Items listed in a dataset
BEGIN

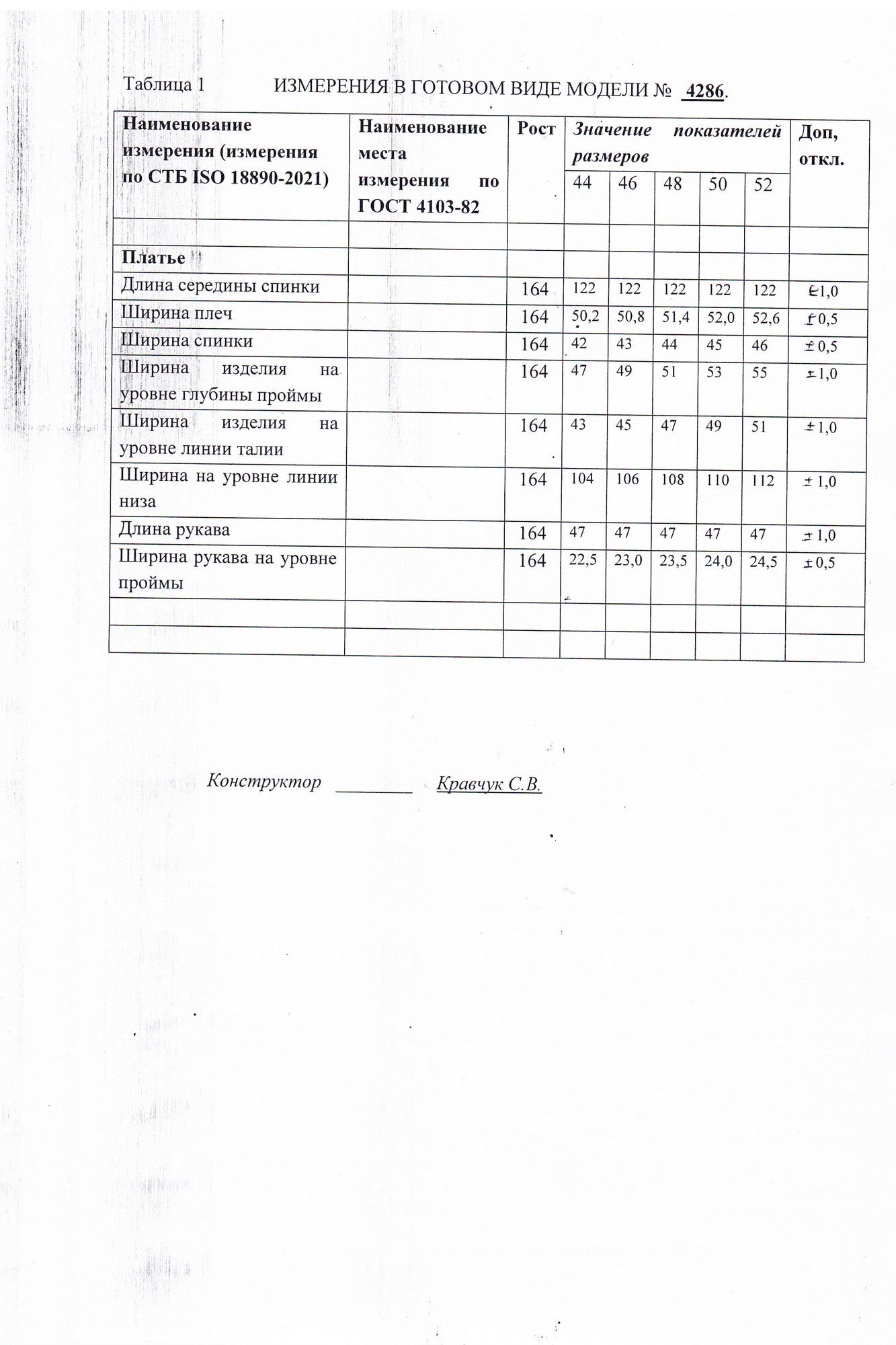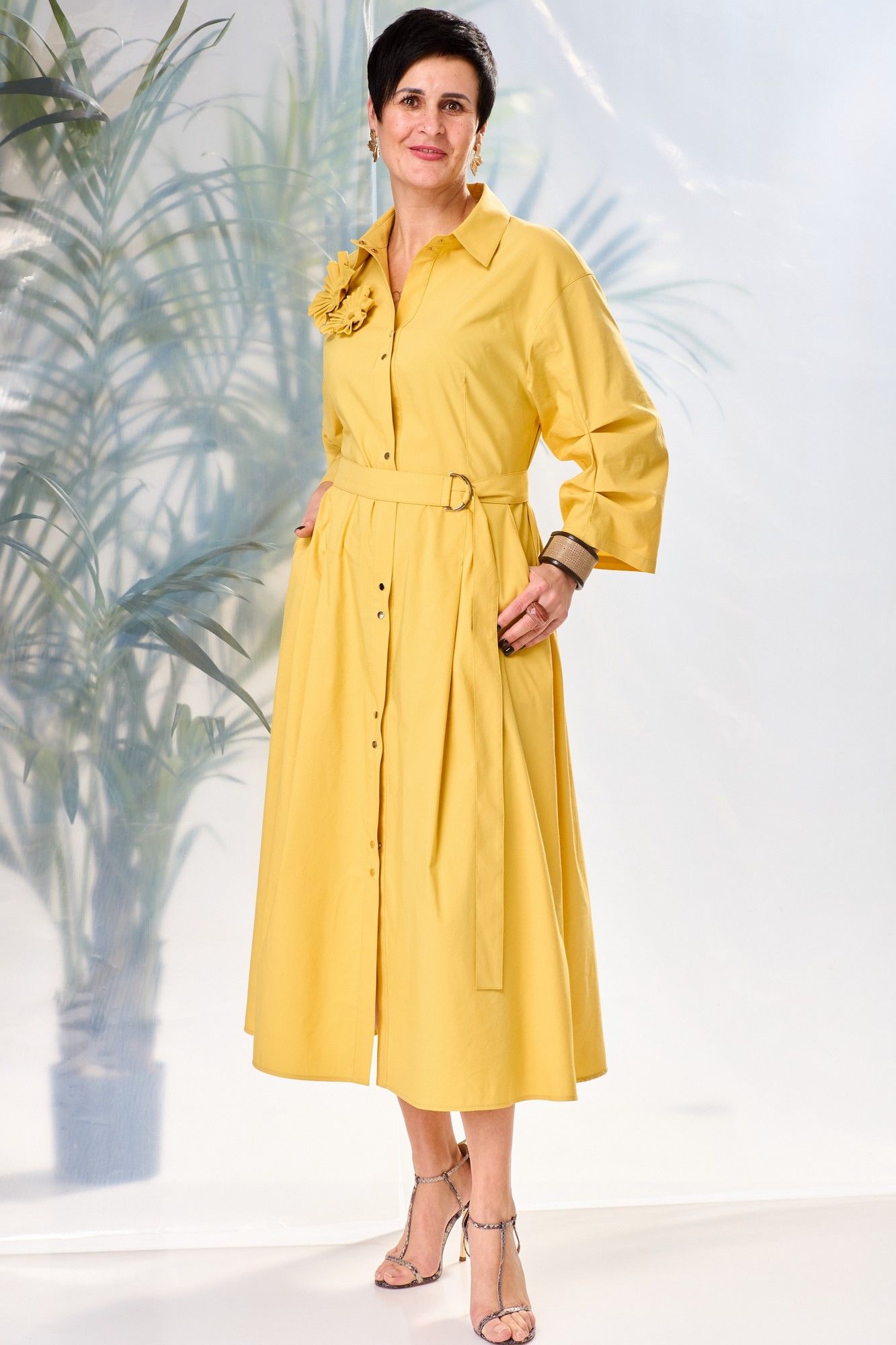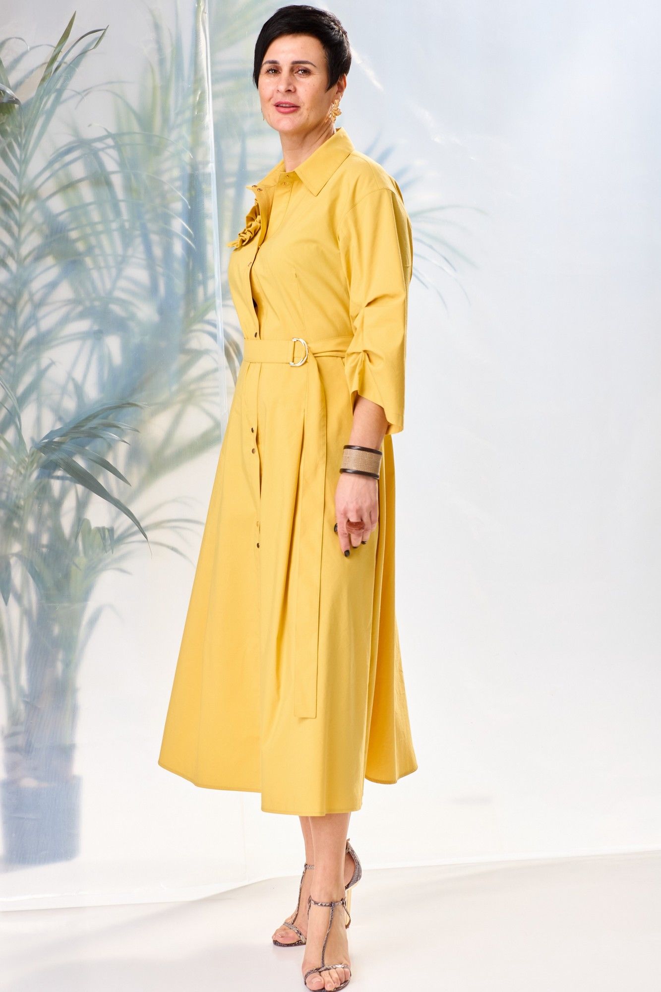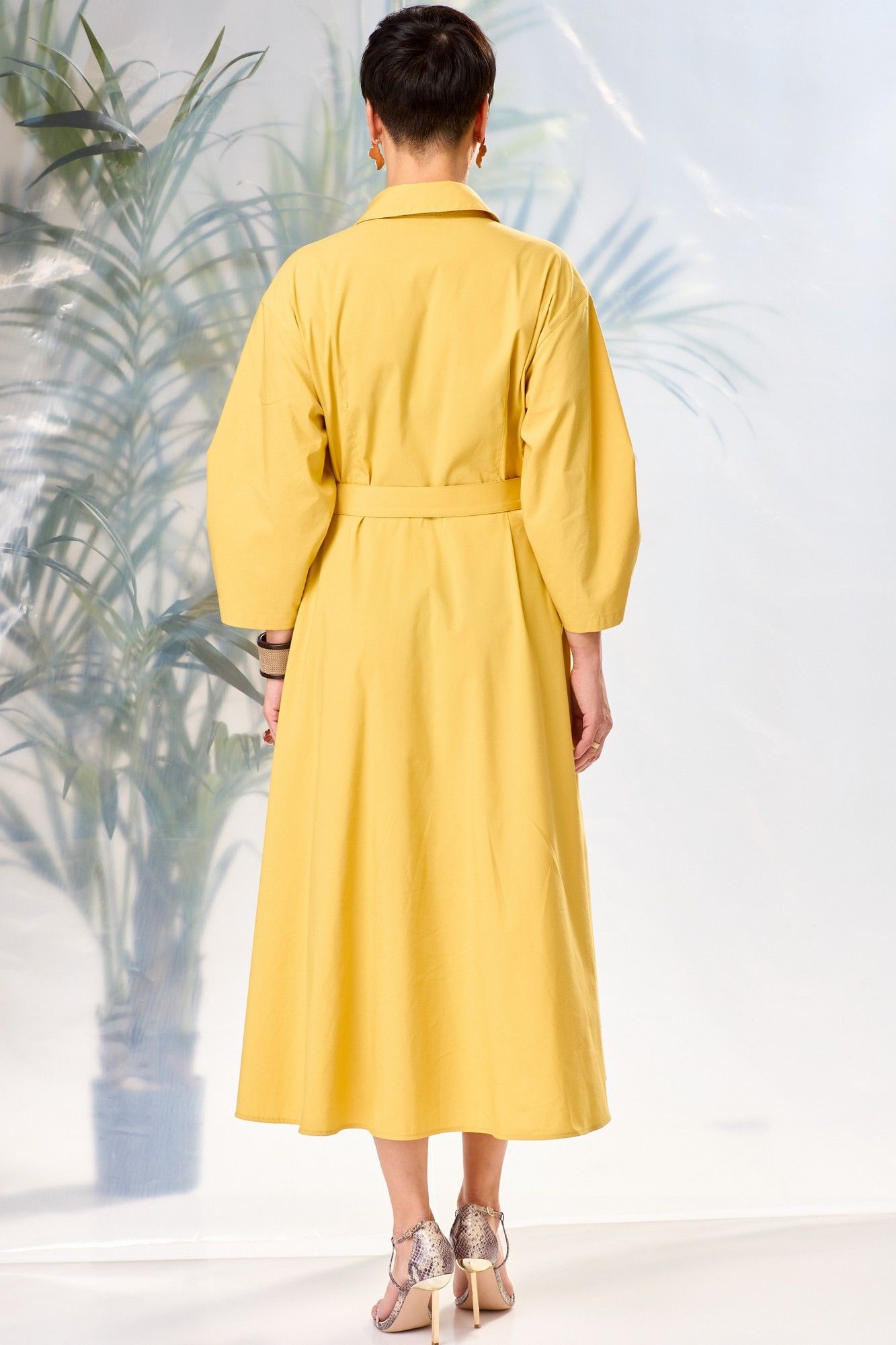 Платье женское, прилегающего силуэта, расширенное к низу, длиной ниже линии коленей, со спущенной линией плеча, с втачными рукавами, с втачным воротником, с втачными планками, отрезное на уровне линии талии, с центральной застежкой на 11 кнопок и 1 кнопку на стойке воротника, со съемным поясом. Лиф деталей переда платья с нагрудными вытачками, исходящими от талии, слева вверху расположен декоративный элемент. Лиф детали спинки с 2-мя вытачками. Юбка платья конической формы, в боковых швах обработаны наклонные карманы, передние полотнища с вытачками-складками. Рукава втачные двухшовные, длиной ¾, на передних швах заложены по две складки. Воротник сорочечный с отрезной стойкой. Декор может отличаться от представленного на фотографии.Платье: длина рукава - 47см, ширина рукава – 23,5см, длина спинки – 122см.
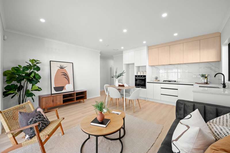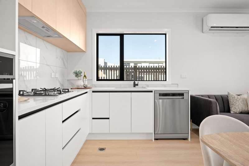 Enjoy the benefits of spacious open-plan living, with high-stud ceilings and a neutral colour palette creating light-filled interiors that feel bright and welcoming. The heart of the home is the contemporary kitchen-complete with quality appliances, great storage, and seamless flow to the living and dining spaces.
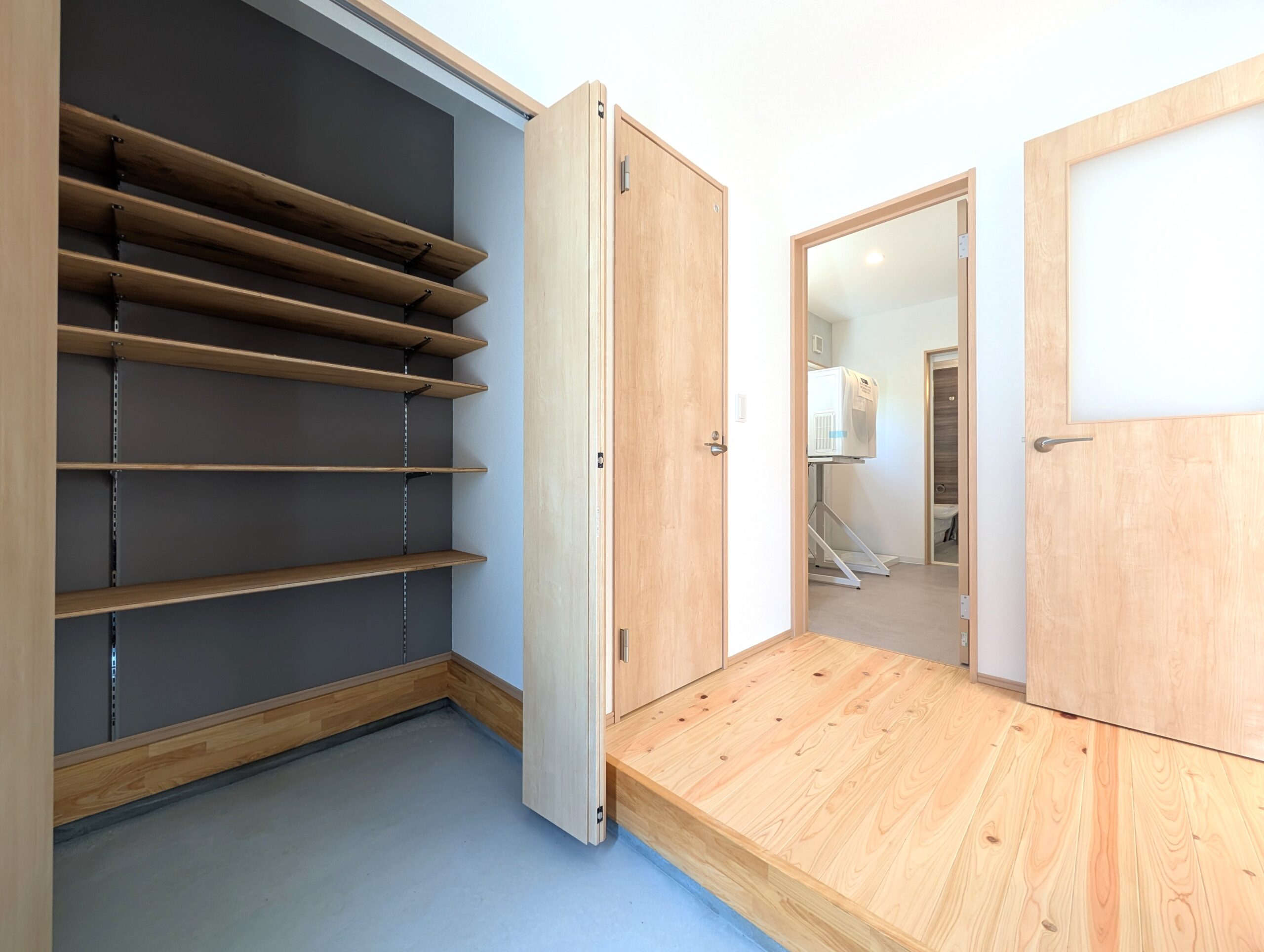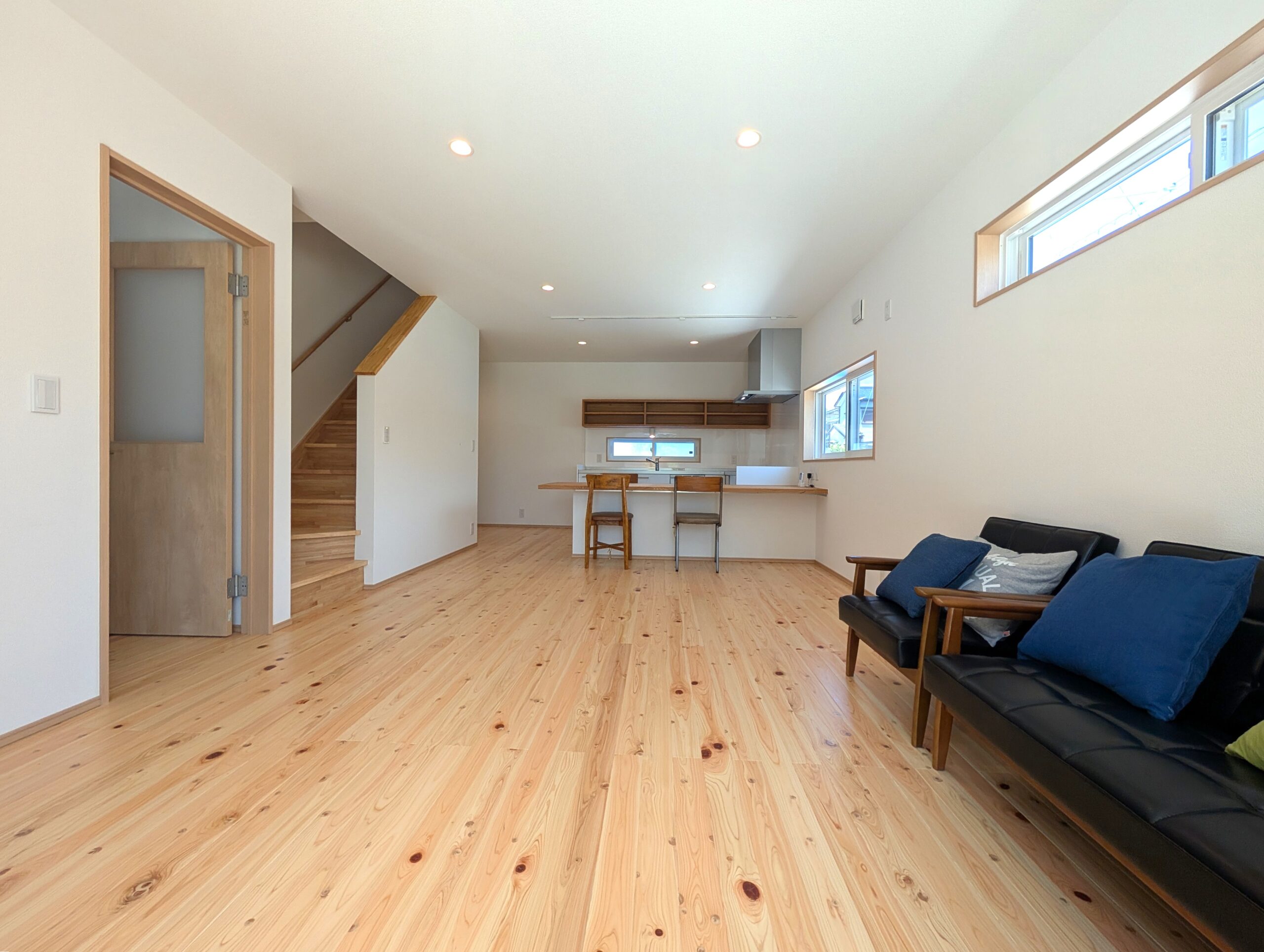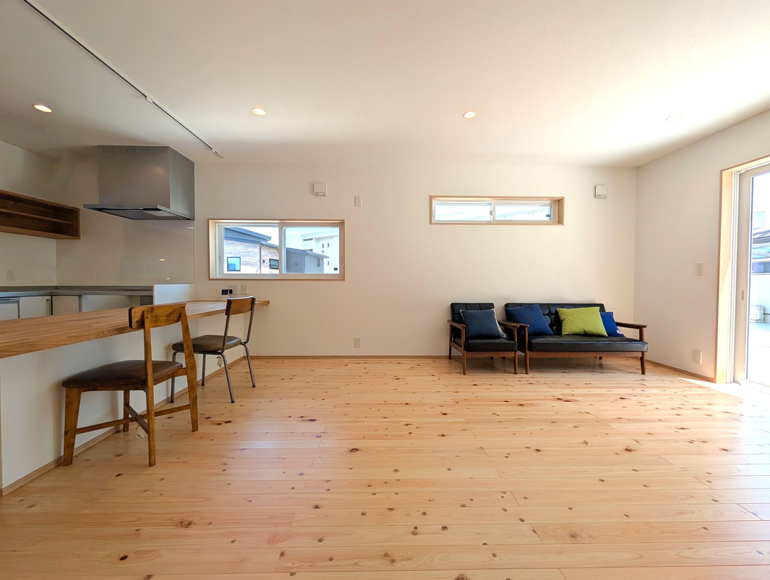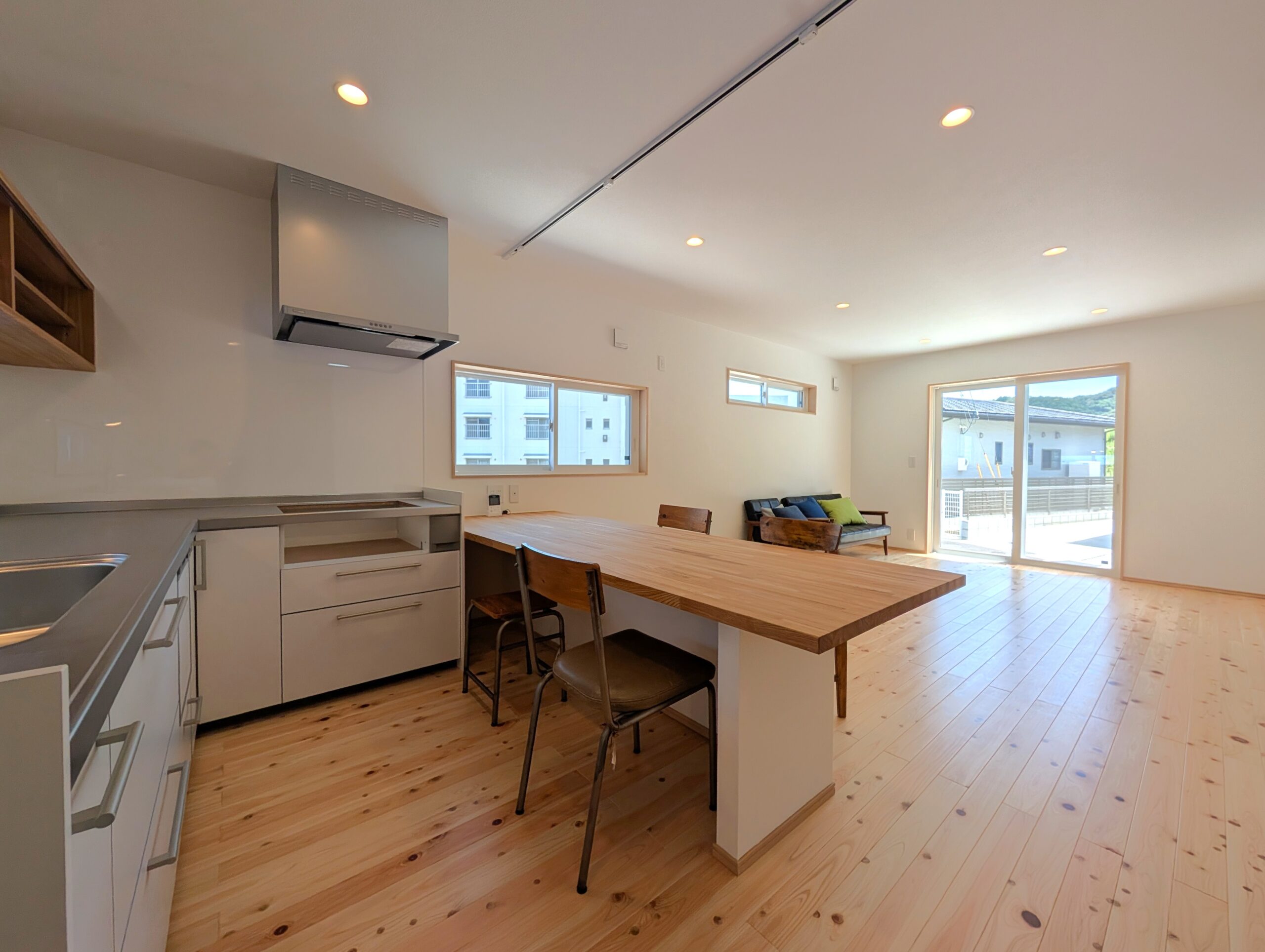 システムキッチンと木製カウンターを組み合わせたコの字型キッチン
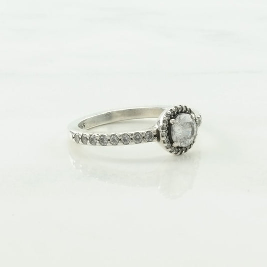 Vintage Pandora Silver Ring CZ Halo Sterling Size 6 3/4
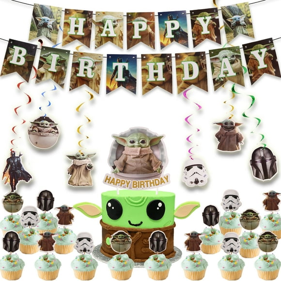 Amazon Com Gepulin 106pcs Baby Yoda Birthday Decorations Party Supplies Included Stickers Birthday Banner Hanging Swirl Balloons Cupcake Toppers Gift Bag For The Child Mandalorian Party Favors Toys Games
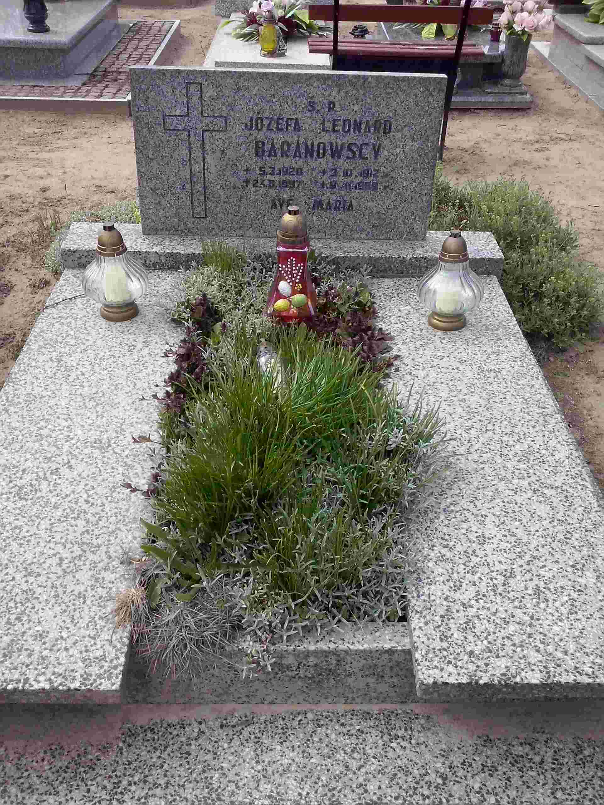 Grób: II,IV,9i10 Baranowski Leonard ur.:1912-10-03 zm.:1989-11-09 Baranowska Józefa ur.:1920-03-05 zm.:1997-08-24 |
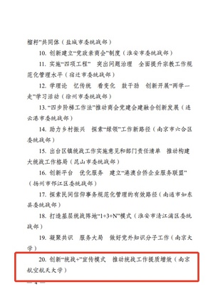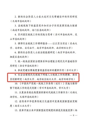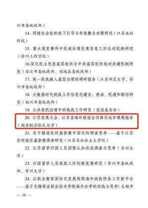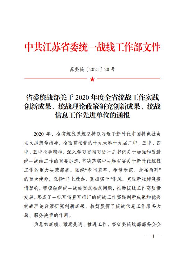 此外,十大信誉官网《创新“统战+”宣传模式,推动统战工作提质增效》被评为2020年度全省统战工作实践创新成果,十大信誉官网《江苏发展大会、江苏省海外联谊会实体化运作课题报告》以及和南京大学、南京传媒学院联合报送的《社会治理现代化视域下网络人士统战工作的逻辑、路径及创新研究》荣获全省统战理论政策研究创新成果三等奖。

END

● **Task to carry out**: Restate word for word the lines of the data above that begin at the line with "システムキッチンと木製カウンターを組み合わせたコの字型キッチン" and end at the line with "Amazon Com Gepulin", keeping both ends and dropping every picture.

● **The answer**:
 システムキッチンと木製カウンターを組み合わせたコの字型キッチン
 Vintage Pandora Silver Ring CZ Halo Sterling Size 6 3/4
 Amazon Com Gepulin 106pcs Baby Yoda Birthday Decorations Party Supplies Included Stickers Birthday Banner Hanging Swirl Balloons Cupcake Toppers Gift Bag For The Child Mandalorian Party Favors Toys Games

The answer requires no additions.